* **Brief**:
The required output is the exact run of lines in the listing below from the line holding "Aesthetics: Contemporary style" through the line holding "鳥がかじっても問題ない,安心して使えるナチュラルな天然流木で作成しています。", with no pictures.

* **Supplied information**:
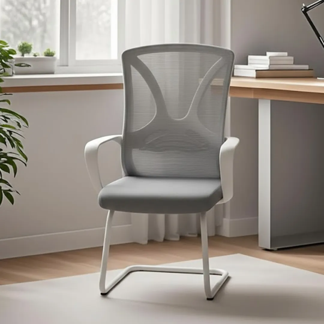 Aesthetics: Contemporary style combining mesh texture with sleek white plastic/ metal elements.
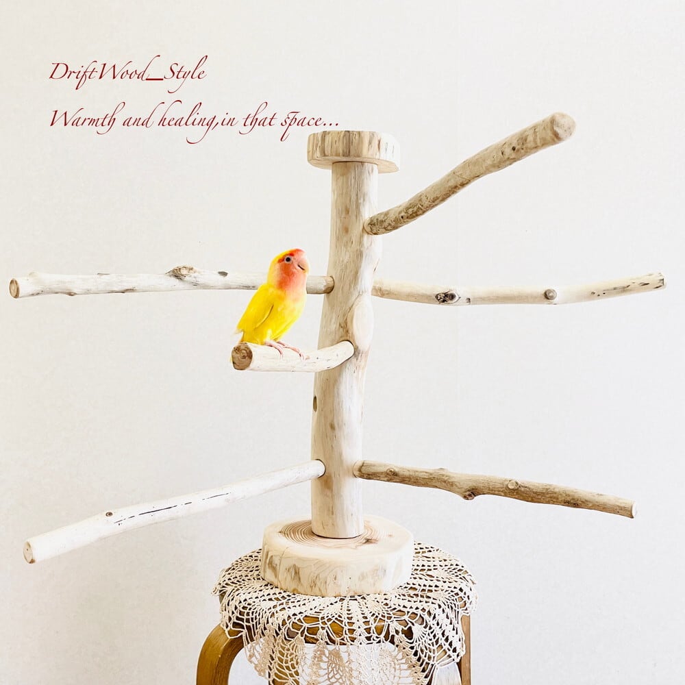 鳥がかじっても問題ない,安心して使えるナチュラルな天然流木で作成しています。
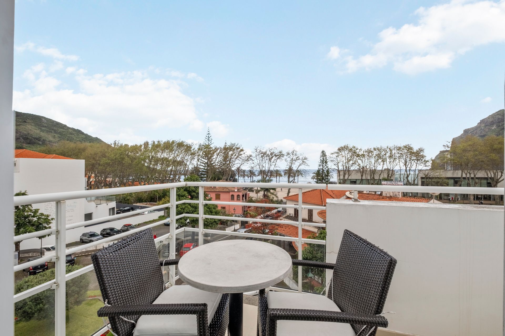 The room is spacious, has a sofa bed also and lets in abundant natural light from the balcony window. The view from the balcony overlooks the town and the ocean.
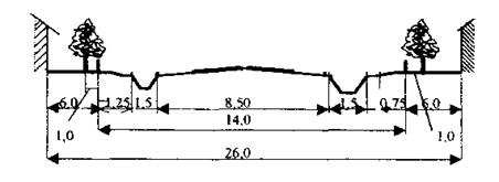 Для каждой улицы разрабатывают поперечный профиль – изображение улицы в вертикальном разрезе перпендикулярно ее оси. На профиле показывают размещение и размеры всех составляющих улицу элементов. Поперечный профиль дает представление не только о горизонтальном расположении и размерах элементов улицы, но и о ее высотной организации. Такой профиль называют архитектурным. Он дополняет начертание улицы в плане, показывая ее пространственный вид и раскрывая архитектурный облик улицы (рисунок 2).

...

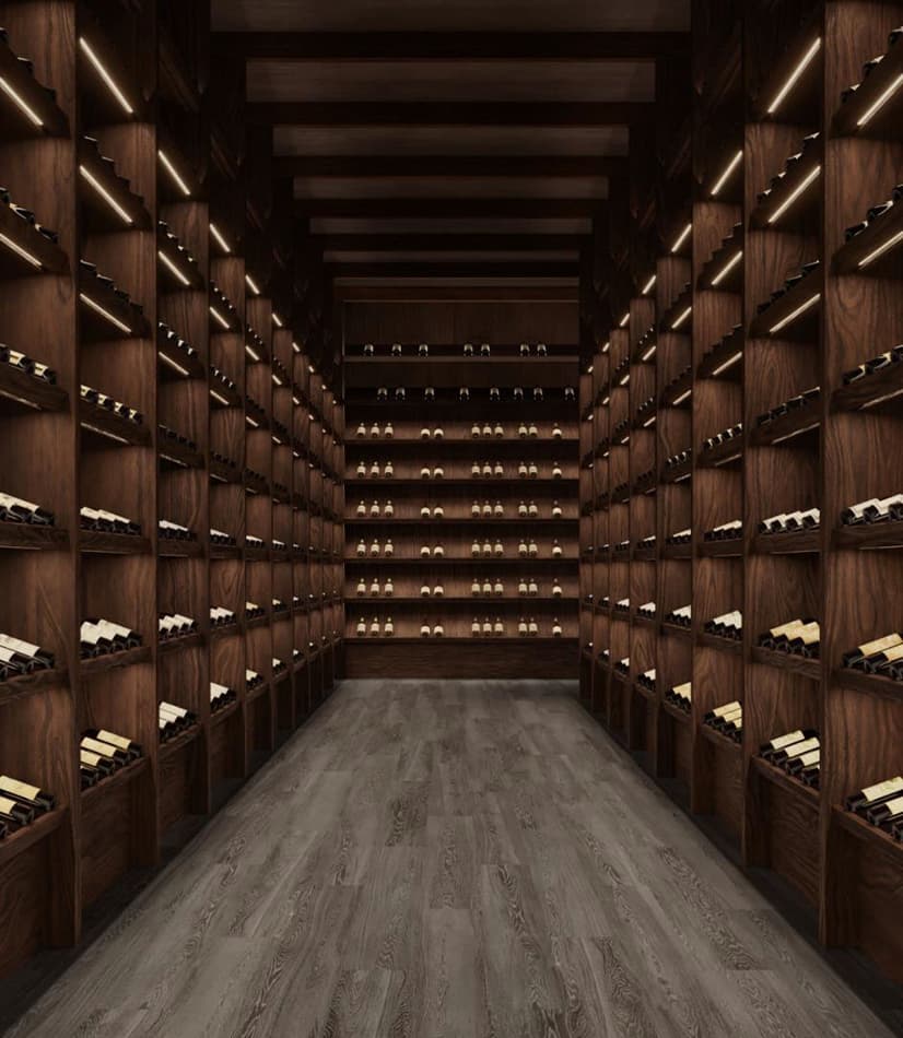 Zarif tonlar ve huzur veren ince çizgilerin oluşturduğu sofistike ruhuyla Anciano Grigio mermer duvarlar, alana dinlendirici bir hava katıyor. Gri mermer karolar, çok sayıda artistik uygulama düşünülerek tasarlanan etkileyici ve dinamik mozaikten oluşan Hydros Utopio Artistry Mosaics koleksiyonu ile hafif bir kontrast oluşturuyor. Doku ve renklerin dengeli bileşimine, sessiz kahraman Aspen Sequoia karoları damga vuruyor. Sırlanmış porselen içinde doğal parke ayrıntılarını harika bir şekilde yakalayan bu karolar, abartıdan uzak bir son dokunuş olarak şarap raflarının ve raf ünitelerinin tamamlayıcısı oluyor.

* **Answer to the problem**:
 Aesthetics: Contemporary style combining mesh texture with sleek white plastic/ metal elements.
 鳥がかじっても問題ない,安心して使えるナチュラルな天然流木で作成しています。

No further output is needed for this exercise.